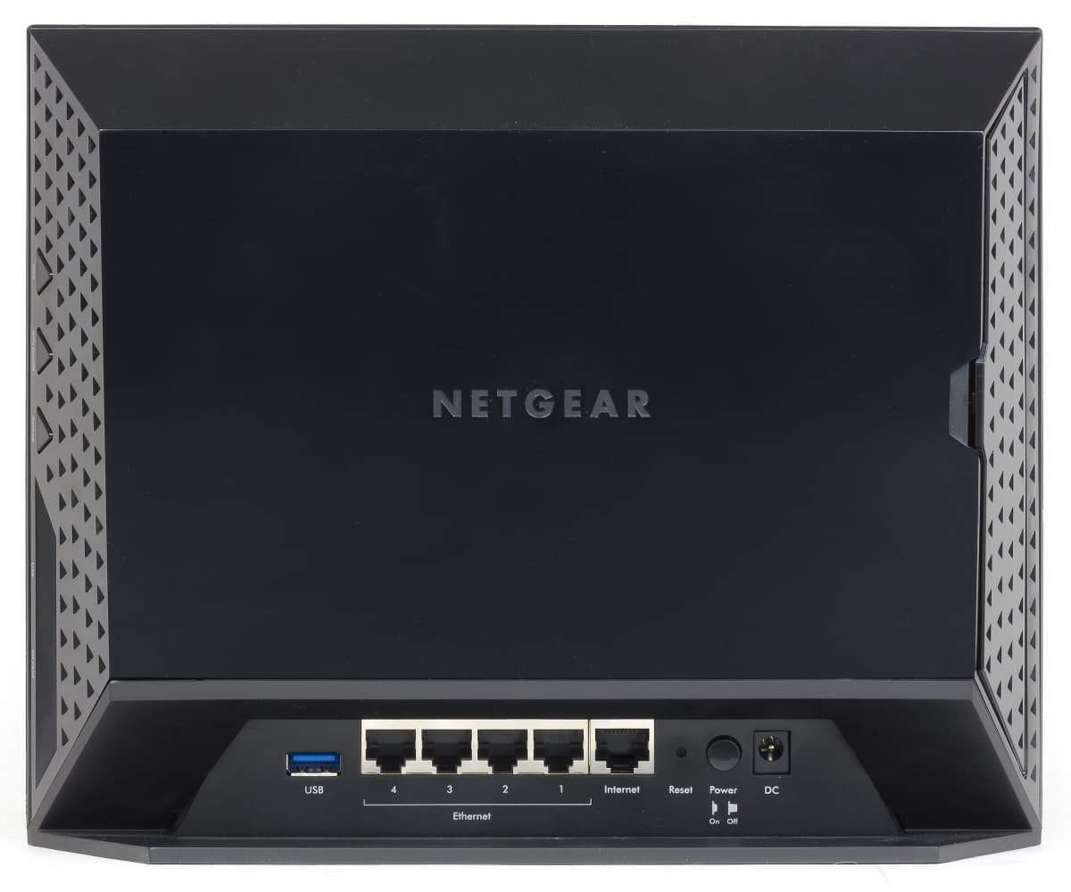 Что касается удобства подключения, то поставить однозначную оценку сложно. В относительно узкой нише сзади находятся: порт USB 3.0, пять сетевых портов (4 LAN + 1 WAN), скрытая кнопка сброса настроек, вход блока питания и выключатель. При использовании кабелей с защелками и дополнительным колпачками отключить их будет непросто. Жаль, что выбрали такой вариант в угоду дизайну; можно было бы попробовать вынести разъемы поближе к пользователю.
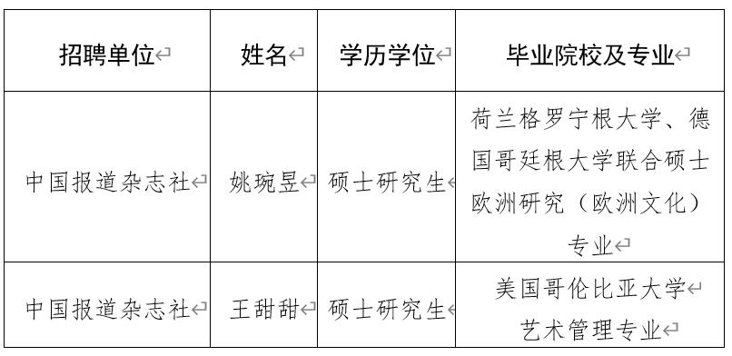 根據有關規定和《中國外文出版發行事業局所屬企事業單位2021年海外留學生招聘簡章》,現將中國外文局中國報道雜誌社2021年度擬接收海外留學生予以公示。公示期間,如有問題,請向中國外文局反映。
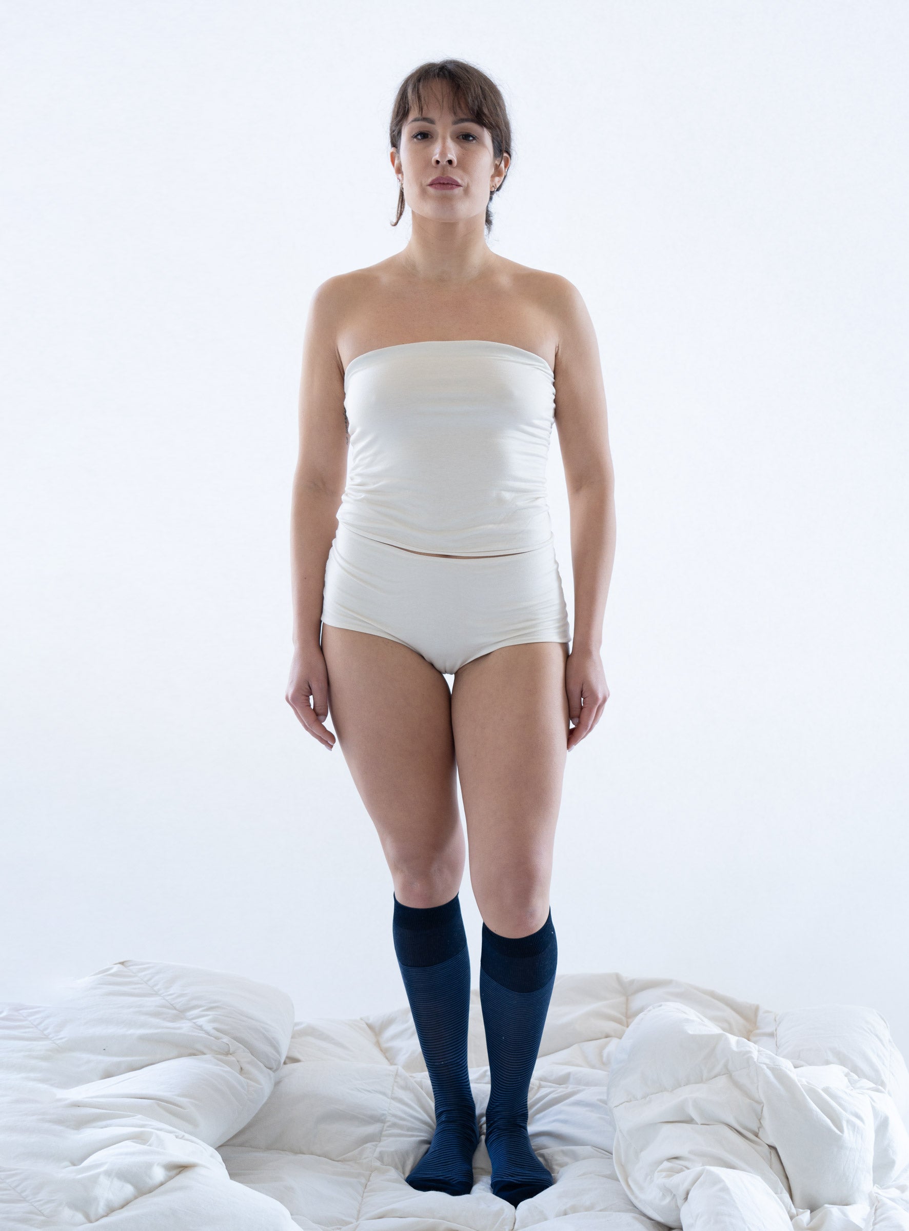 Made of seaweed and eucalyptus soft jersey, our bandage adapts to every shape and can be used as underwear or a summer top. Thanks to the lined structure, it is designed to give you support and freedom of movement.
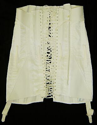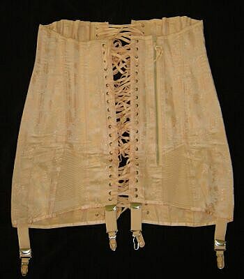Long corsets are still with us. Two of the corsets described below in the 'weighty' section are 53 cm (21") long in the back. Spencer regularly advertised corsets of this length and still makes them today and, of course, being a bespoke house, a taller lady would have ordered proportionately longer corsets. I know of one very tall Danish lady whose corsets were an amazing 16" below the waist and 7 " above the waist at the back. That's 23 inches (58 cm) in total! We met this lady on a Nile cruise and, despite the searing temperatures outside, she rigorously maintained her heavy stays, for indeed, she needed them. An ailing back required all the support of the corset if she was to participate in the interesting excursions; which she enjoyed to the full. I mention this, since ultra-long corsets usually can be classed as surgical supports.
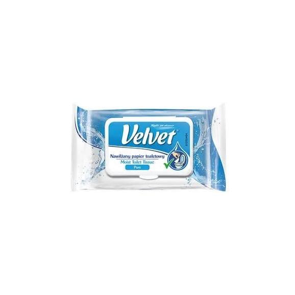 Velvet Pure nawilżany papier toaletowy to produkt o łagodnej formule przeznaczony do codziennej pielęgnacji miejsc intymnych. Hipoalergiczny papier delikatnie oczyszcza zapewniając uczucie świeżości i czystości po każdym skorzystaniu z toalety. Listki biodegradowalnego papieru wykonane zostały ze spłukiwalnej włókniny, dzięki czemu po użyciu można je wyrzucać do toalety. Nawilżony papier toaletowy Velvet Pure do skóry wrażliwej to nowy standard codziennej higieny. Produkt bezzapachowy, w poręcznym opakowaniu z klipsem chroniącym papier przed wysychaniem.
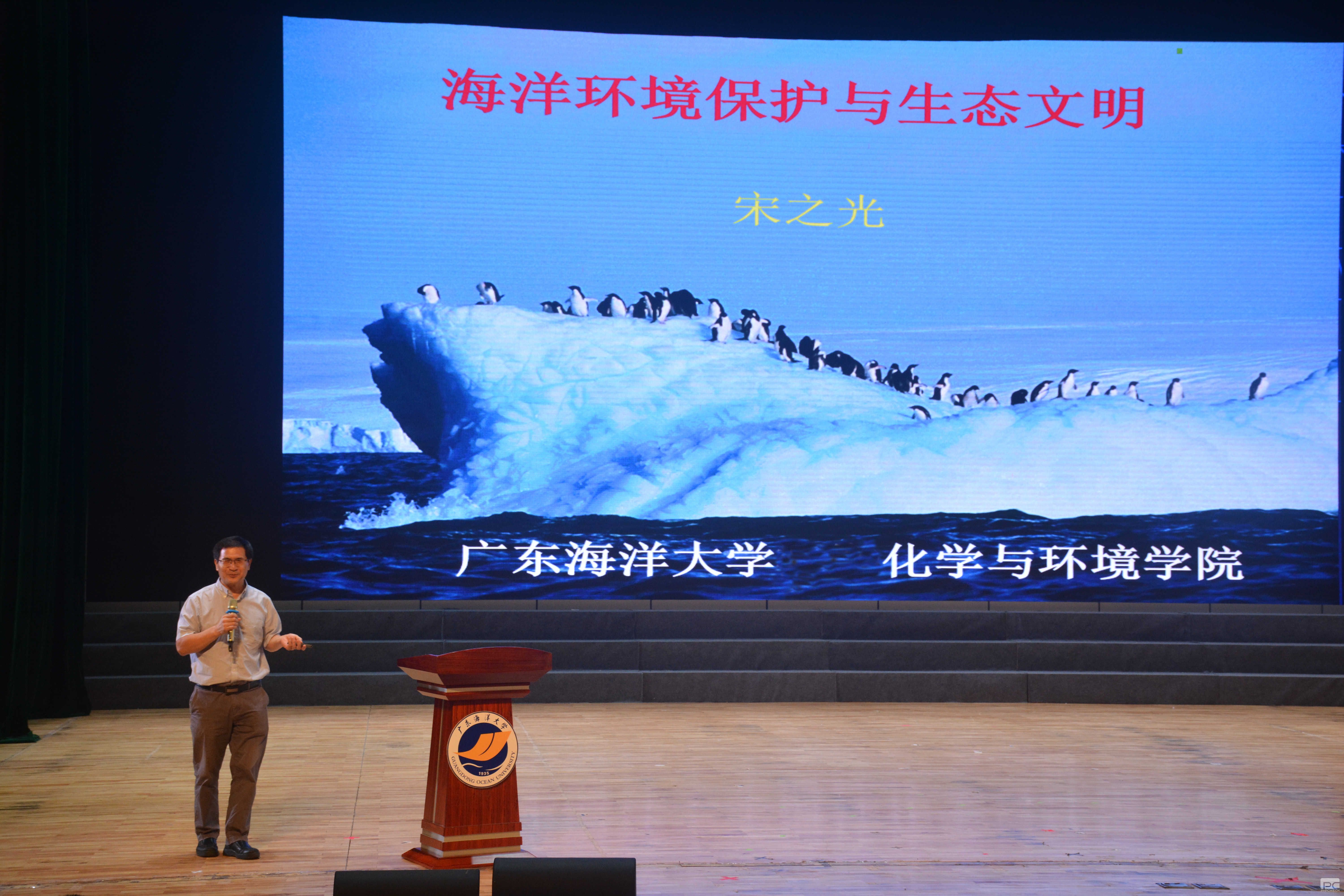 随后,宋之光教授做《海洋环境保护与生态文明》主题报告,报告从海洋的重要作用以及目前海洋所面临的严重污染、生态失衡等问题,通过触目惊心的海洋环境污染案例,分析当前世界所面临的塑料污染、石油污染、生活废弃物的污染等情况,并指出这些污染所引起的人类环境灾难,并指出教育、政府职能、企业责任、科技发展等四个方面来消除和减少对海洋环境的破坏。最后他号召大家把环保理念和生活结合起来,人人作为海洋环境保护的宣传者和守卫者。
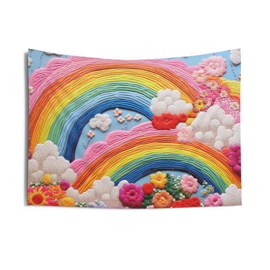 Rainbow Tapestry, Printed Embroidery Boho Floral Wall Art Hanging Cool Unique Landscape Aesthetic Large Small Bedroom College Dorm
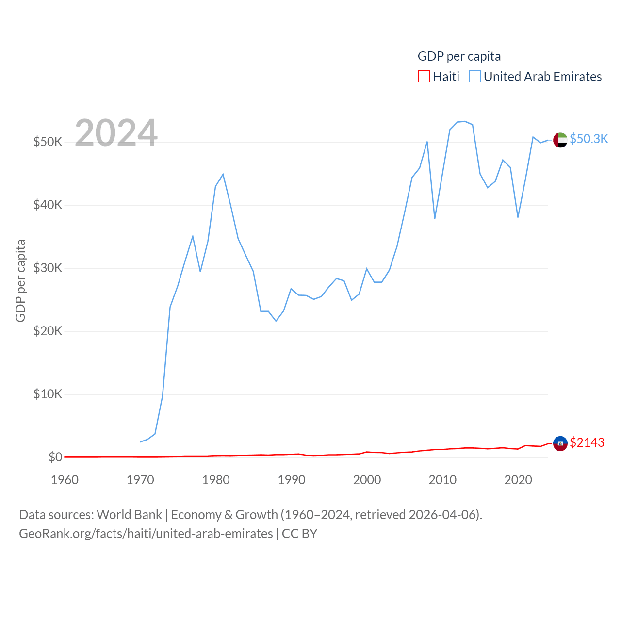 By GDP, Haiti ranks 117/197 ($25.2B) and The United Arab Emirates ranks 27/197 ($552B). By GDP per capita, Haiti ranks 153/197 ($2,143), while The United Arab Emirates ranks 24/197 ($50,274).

> **Task prompt**
Beginning with the line above that contains "Made of seaweed" and ending with the line that contains "Velvet Pure nawilżany", quote each line exactly, keeping out the pictures.

> **Answer to the problem**
 Made of seaweed and eucalyptus soft jersey, our bandage adapts to every shape and can be used as underwear or a summer top. Thanks to the lined structure, it is designed to give you support and freedom of movement.
Long corsets are still with us. Two of the corsets described below in the 'weighty' section are 53 cm (21") long in the back. Spencer regularly advertised corsets of this length and still makes them today and, of course, being a bespoke house, a taller lady would have ordered proportionately longer corsets. I know of one very tall Danish lady whose corsets were an amazing 16" below the waist and 7 " above the waist at the back. That's 23 inches (58 cm) in total! We met this lady on a Nile cruise and, despite the searing temperatures outside, she rigorously maintained her heavy stays, for indeed, she needed them. An ailing back required all the support of the corset if she was to participate in the interesting excursions; which she enjoyed to the full. I mention this, since ultra-long corsets usually can be classed as surgical supports.
 Velvet Pure nawilżany papier toaletowy to produkt o łagodnej formule przeznaczony do codziennej pielęgnacji miejsc intymnych. Hipoalergiczny papier delikatnie oczyszcza zapewniając uczucie świeżości i czystości po każdym skorzystaniu z toalety. Listki biodegradowalnego papieru wykonane zostały ze spłukiwalnej włókniny, dzięki czemu po użyciu można je wyrzucać do toalety. Nawilżony papier toaletowy Velvet Pure do skóry wrażliwej to nowy standard codziennej higieny. Produkt bezzapachowy, w poręcznym opakowaniu z klipsem chroniącym papier przed wysychaniem.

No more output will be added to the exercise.